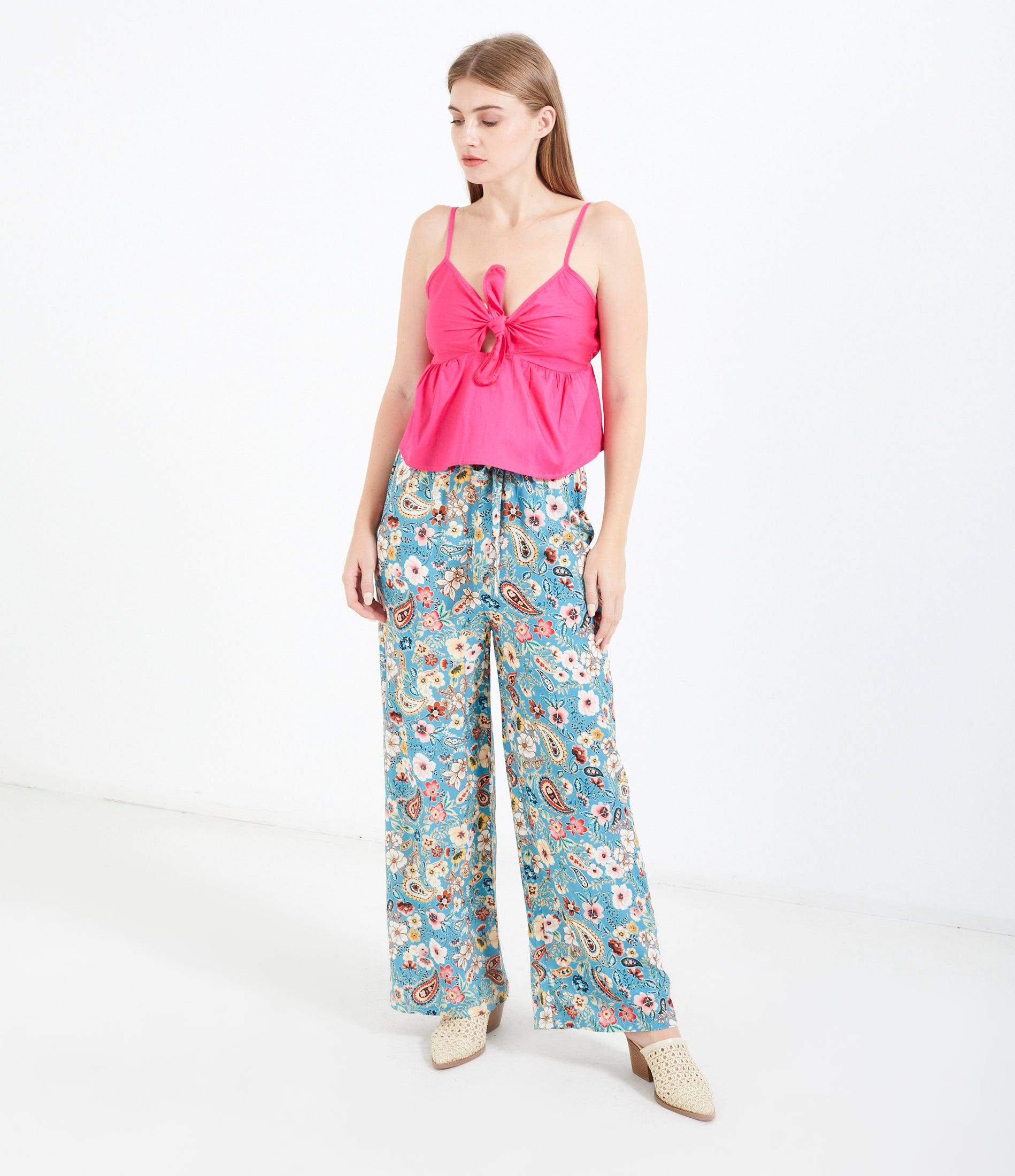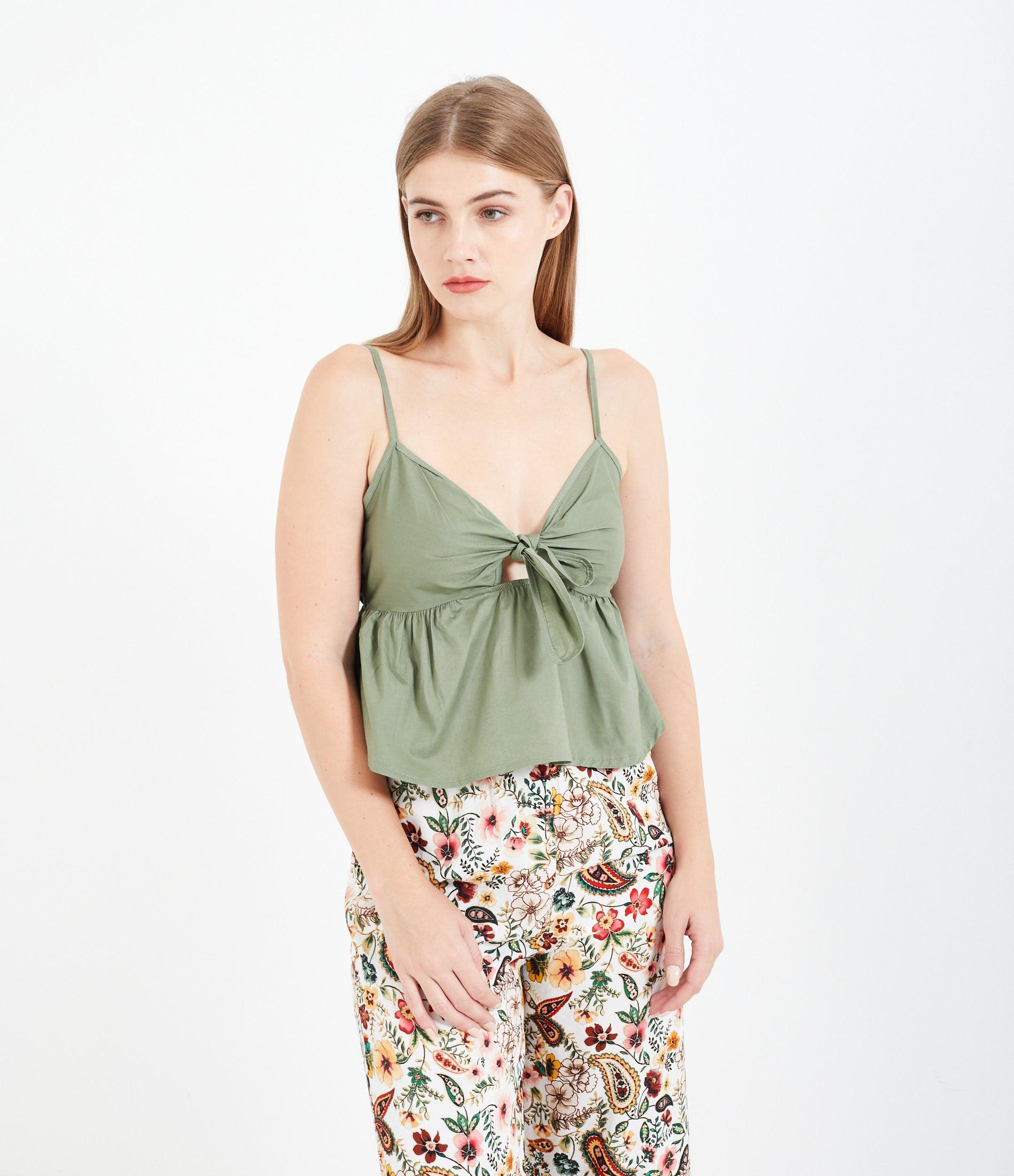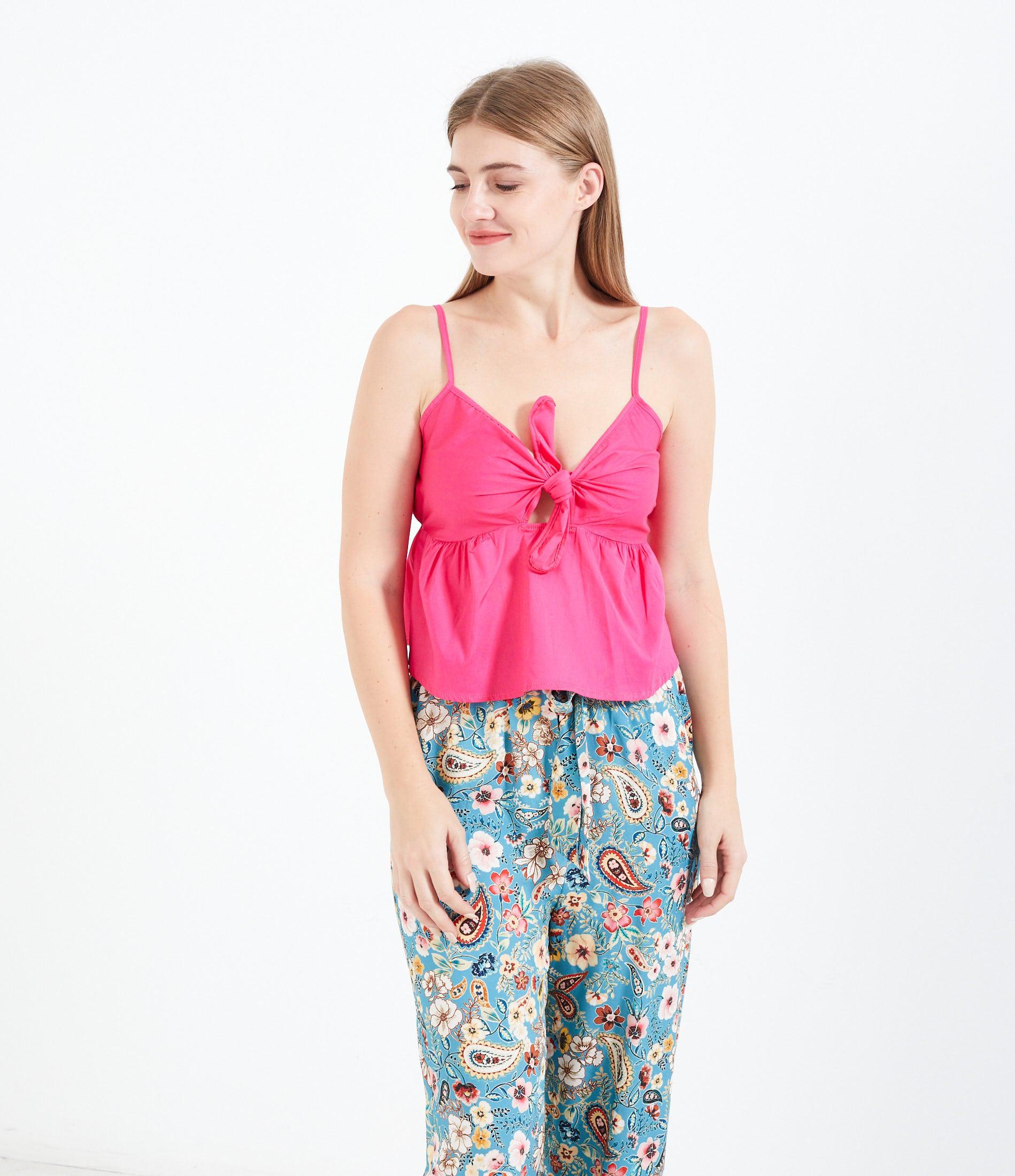 Top con ampio scollo fronte e retro, dettaglio fiocco frontale.
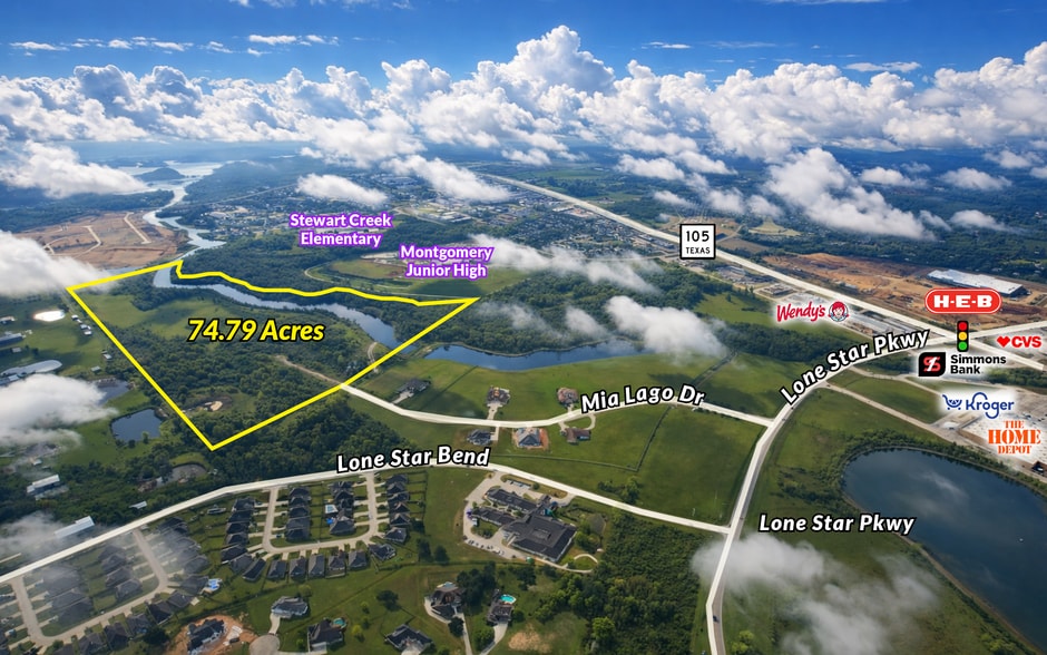 ±74.79-acre residential development opportunity located near Lake Conroe in Montgomery, Texas. The property is planned for approximately 52 large residential lots (¾ to 1 acre) and includes existing engineering plans. Strategically located near Lone Star Parkway and Highway 105, the site offers strong access to regional retail, schools, and surrounding residential growth. Nearby amenities include H-E-B, national retailers, and Montgomery ISD schools. Key features include: ±74.79 acres Planned for 52 paper lots Lot sizes: ¾ to 1 acre Engineering plans in place Water utilities available 7-acre canal connected to Lake Conroe Tax rate: ~2.0155% (2026) Surrounded by existing and planned residential developments Offered at $7,500,000. Owner will consider a finished lot sale.
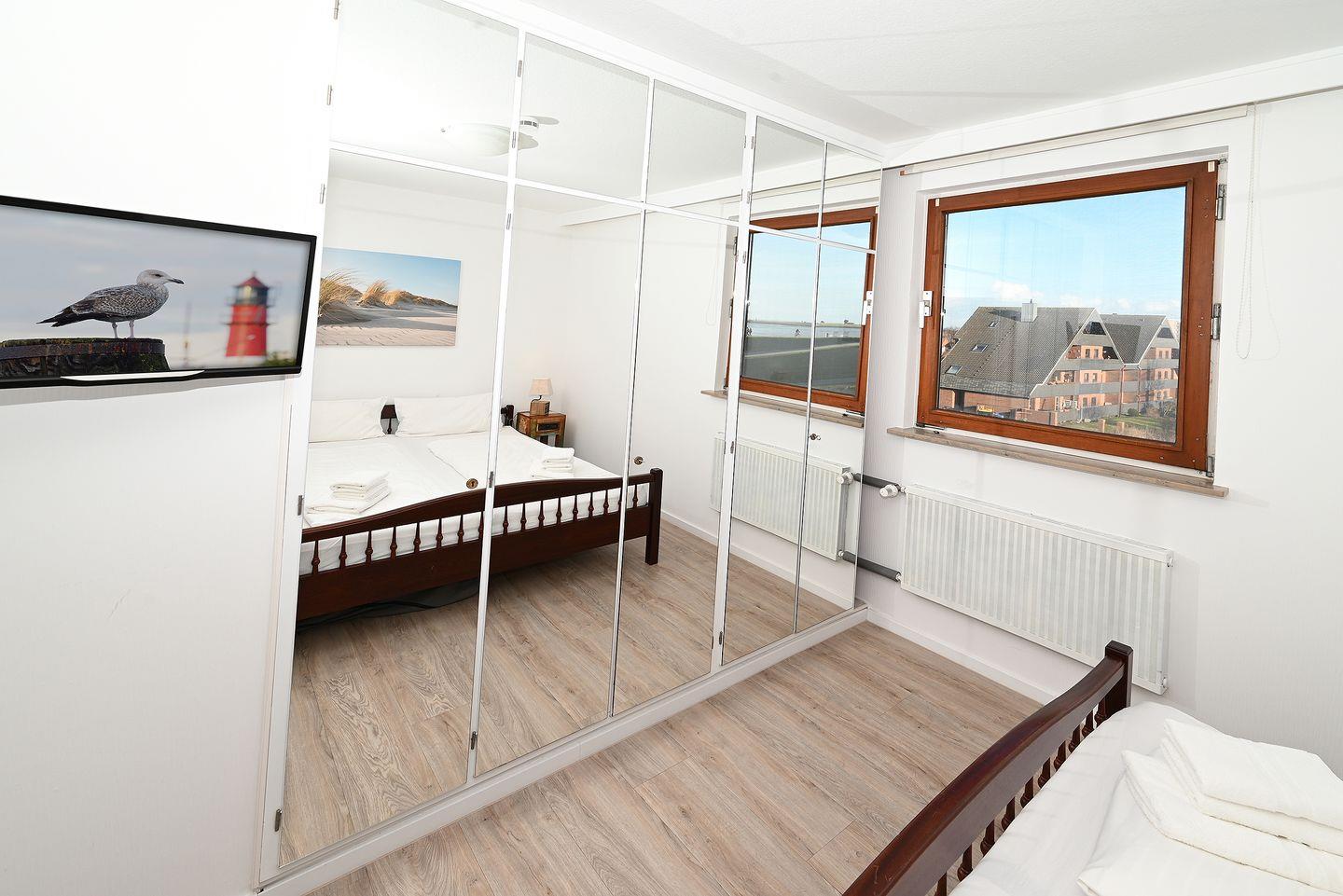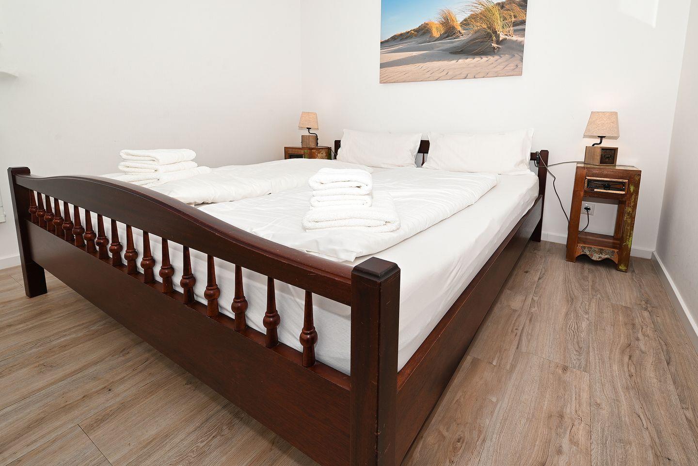 Zwei Personen schlafen im Schlafzimmer mit Doppelbett, zwei auf dem gemütlichen Schlafsofa im Wohnzimmer. Von beiden Zimmern aus können Sie den Blick auf die Nordsee genießen.
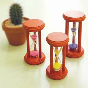 1分計・3分計・5分計のガラス砂時計が赤茶色の木枠におさまったシンプルな砂時計。 高さは約10cmで卓上に置いて邪魔にならないサイズの砂時計。 砂の色はイエローが1分計、ピンクが3分計...
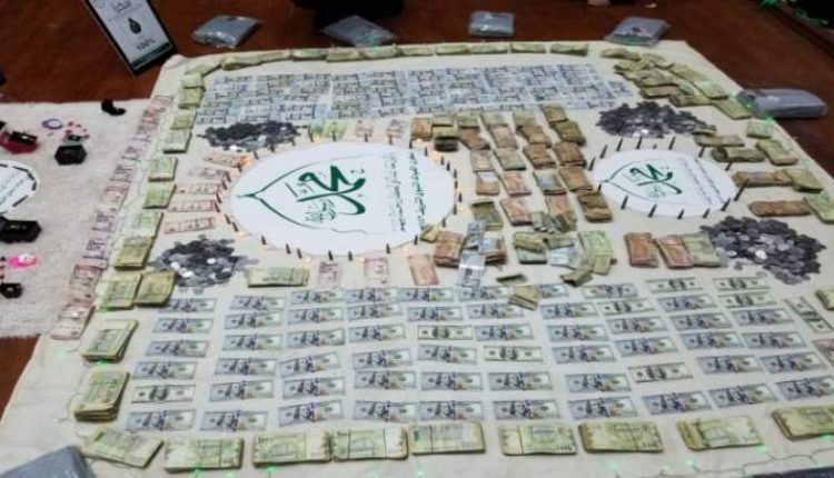 واحتوت القافلة على عدد من قطع الذهب ومبالغ مالية منها 30 ألف سعودي و5950 دولارًا، وأكثر من 6 مليون ريال يمني.
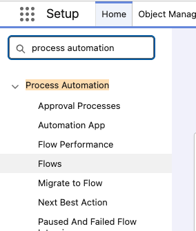 In Salesforce Setup, use Quick Find to search for Flows.
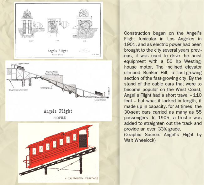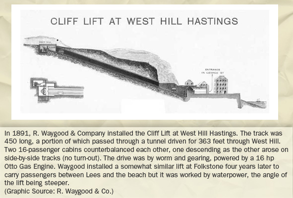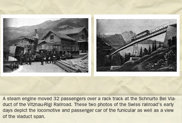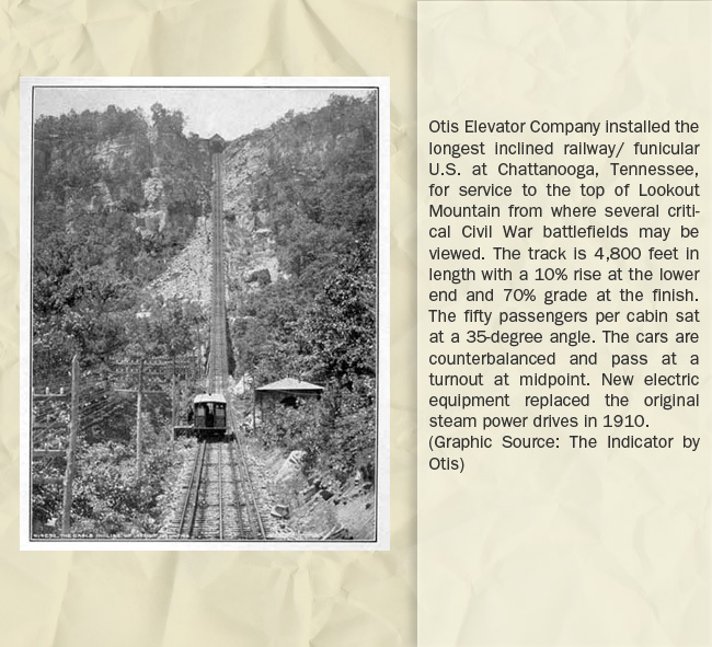 Funiculars (hill-climbers) no doubt came into being before vertical lifts as a method of moving passengers. Obviously, it was much easier to transport a group of people along the side of an existing hill than construct a multistory building. However, the transport of materials came first. Early graphics depict sledges on rollers, then carts with rude wheels, moving building materials and goods. With castles and fortresses finding a natural location on hilltops, it was logical that a form of inclined device was developed to move stone and timber to the construction site. Secure a block with tackle to the cart and the task became easier for human muscle. Add a counterweight and smooth off a track, and a funicular was present -- in practice, if not in name. The laying of wooden, then iron rails on the leveled surface made the job still easier. Records indicate that a water-balance was an early assist -- a tank under the car or the counterweight. Emptying and filling the tank -- as the case might dictate -- would raise the car to the upper level, needed -- either a spring at the top, or a simple water pump at the bottom. In later years, when the times and small payment allowed leisure, the steam-driven funiculars became focal points, taking passengers to high places for a panoramic view. Why not counterweight one car with another? With this technique, the addition of a few more rails allowed a by-pass at mid-point while doubling the carrying capacity. In later years, the aerial ropeway replaced the funicular in many instances. Another Gallery will indicate how passenger ropeways were able to traverse ravines that would have halted funicular construction. When technology advanced to where exciting views could be obtained from an entertainment tower or the top floor of a skyscraper, the funicular gave way to the vertical high-speed elevator. The funiculars had a fine fallback position -- taking skiers to the mountaintop in comfort. The funiculars were also able to rebound in mini form, serving hillside homes. When land for living quarters became scarce, builders looked to the slopes for home sites. Small hill-climbers, with an average capacity of four persons, allowed access.

• **Exercise prompt**
Transcribe all lines above exactly, skipping pictures.

• **Output of the task**
 Top con ampio scollo fronte e retro, dettaglio fiocco frontale.
 ±74.79-acre residential development opportunity located near Lake Conroe in Montgomery, Texas. The property is planned for approximately 52 large residential lots (¾ to 1 acre) and includes existing engineering plans. Strategically located near Lone Star Parkway and Highway 105, the site offers strong access to regional retail, schools, and surrounding residential growth. Nearby amenities include H-E-B, national retailers, and Montgomery ISD schools. Key features include: ±74.79 acres Planned for 52 paper lots Lot sizes: ¾ to 1 acre Engineering plans in place Water utilities available 7-acre canal connected to Lake Conroe Tax rate: ~2.0155% (2026) Surrounded by existing and planned residential developments Offered at $7,500,000. Owner will consider a finished lot sale.
 Zwei Personen schlafen im Schlafzimmer mit Doppelbett, zwei auf dem gemütlichen Schlafsofa im Wohnzimmer. Von beiden Zimmern aus können Sie den Blick auf die Nordsee genießen.
 1分計・3分計・5分計のガラス砂時計が赤茶色の木枠におさまったシンプルな砂時計。 高さは約10cmで卓上に置いて邪魔にならないサイズの砂時計。 砂の色はイエローが1分計、ピンクが3分計...
 واحتوت القافلة على عدد من قطع الذهب ومبالغ مالية منها 30 ألف سعودي و5950 دولارًا، وأكثر من 6 مليون ريال يمني.
 In Salesforce Setup, use Quick Find to search for Flows.
 Funiculars (hill-climbers) no doubt came into being before vertical lifts as a method of moving passengers. Obviously, it was much easier to transport a group of people along the side of an existing hill than construct a multistory building. However, the transport of materials came first. Early graphics depict sledges on rollers, then carts with rude wheels, moving building materials and goods. With castles and fortresses finding a natural location on hilltops, it was logical that a form of inclined device was developed to move stone and timber to the construction site. Secure a block with tackle to the cart and the task became easier for human muscle. Add a counterweight and smooth off a track, and a funicular was present -- in practice, if not in name. The laying of wooden, then iron rails on the leveled surface made the job still easier. Records indicate that a water-balance was an early assist -- a tank under the car or the counterweight. Emptying and filling the tank -- as the case might dictate -- would raise the car to the upper level, needed -- either a spring at the top, or a simple water pump at the bottom. In later years, when the times and small payment allowed leisure, the steam-driven funiculars became focal points, taking passengers to high places for a panoramic view. Why not counterweight one car with another? With this technique, the addition of a few more rails allowed a by-pass at mid-point while doubling the carrying capacity. In later years, the aerial ropeway replaced the funicular in many instances. Another Gallery will indicate how passenger ropeways were able to traverse ravines that would have halted funicular construction. When technology advanced to where exciting views could be obtained from an entertainment tower or the top floor of a skyscraper, the funicular gave way to the vertical high-speed elevator. The funiculars had a fine fallback position -- taking skiers to the mountaintop in comfort. The funiculars were also able to rebound in mini form, serving hillside homes. When land for living quarters became scarce, builders looked to the slopes for home sites. Small hill-climbers, with an average capacity of four persons, allowed access.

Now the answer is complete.